Segment Open
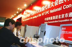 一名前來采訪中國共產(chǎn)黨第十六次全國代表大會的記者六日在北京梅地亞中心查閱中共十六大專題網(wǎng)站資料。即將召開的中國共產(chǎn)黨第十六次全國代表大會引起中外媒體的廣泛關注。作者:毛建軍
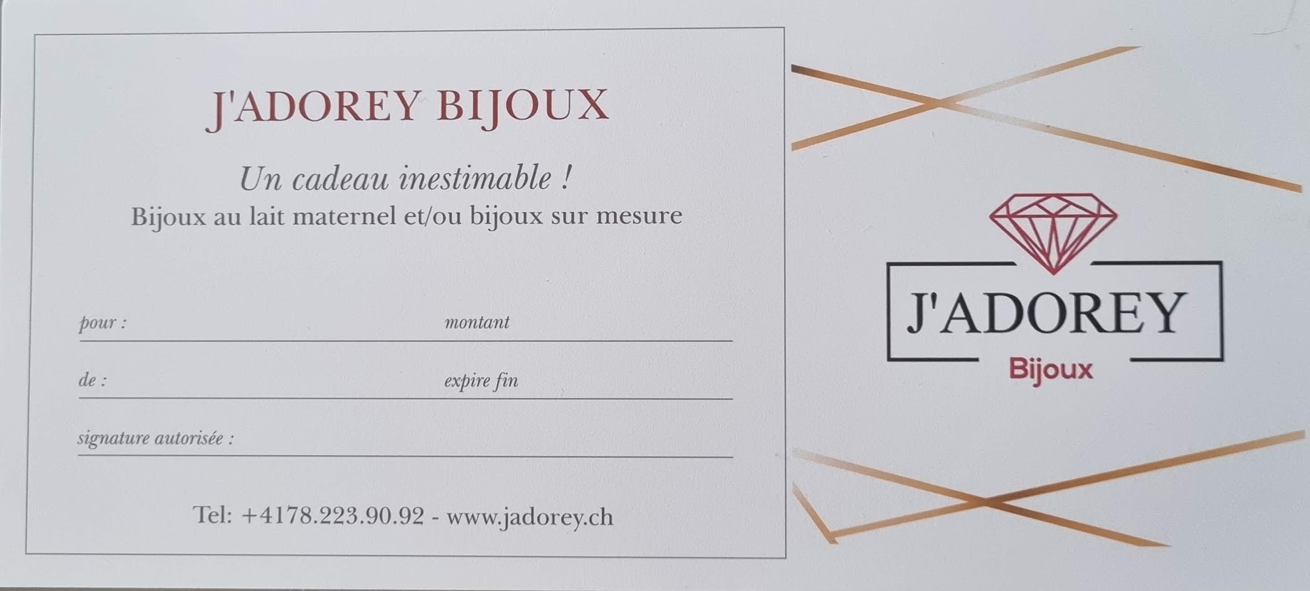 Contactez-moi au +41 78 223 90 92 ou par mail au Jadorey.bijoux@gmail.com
Segment Closed
Segment Open
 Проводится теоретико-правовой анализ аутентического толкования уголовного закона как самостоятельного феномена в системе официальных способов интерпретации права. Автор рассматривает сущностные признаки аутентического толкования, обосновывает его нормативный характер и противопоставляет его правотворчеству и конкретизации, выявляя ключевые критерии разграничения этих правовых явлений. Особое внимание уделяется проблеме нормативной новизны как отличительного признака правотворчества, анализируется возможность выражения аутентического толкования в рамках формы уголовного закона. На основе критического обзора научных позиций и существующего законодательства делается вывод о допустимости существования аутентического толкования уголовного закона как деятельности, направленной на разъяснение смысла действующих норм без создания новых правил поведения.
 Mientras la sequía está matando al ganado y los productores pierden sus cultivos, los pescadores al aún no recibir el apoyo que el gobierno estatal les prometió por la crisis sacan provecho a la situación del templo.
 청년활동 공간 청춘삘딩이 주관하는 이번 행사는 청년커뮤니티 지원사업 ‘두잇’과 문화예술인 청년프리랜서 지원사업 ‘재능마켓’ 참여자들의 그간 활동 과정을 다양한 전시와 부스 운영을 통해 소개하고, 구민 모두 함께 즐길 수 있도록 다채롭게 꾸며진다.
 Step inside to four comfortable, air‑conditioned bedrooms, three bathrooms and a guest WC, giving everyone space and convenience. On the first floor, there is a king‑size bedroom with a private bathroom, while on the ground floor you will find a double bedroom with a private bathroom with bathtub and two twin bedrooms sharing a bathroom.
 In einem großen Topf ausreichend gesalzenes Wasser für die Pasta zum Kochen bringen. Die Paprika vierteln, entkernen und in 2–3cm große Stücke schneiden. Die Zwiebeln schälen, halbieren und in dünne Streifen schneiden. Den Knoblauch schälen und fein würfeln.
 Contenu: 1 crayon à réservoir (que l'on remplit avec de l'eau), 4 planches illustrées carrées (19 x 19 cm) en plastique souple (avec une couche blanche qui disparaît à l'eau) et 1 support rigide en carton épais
Segment Closed
In the listing above, find the line with "一名前來采訪中國共產(chǎ" and the line with "Contactez-moi au +41". Copy exactly those lines and all between them, minus the images.

◆ Result
 一名前來采訪中國共產(chǎn)黨第十六次全國代表大會的記者六日在北京梅地亞中心查閱中共十六大專題網(wǎng)站資料。即將召開的中國共產(chǎn)黨第十六次全國代表大會引起中外媒體的廣泛關注。作者:毛建軍
 Contactez-moi au +41 78 223 90 92 ou par mail au Jadorey.bijoux@gmail.com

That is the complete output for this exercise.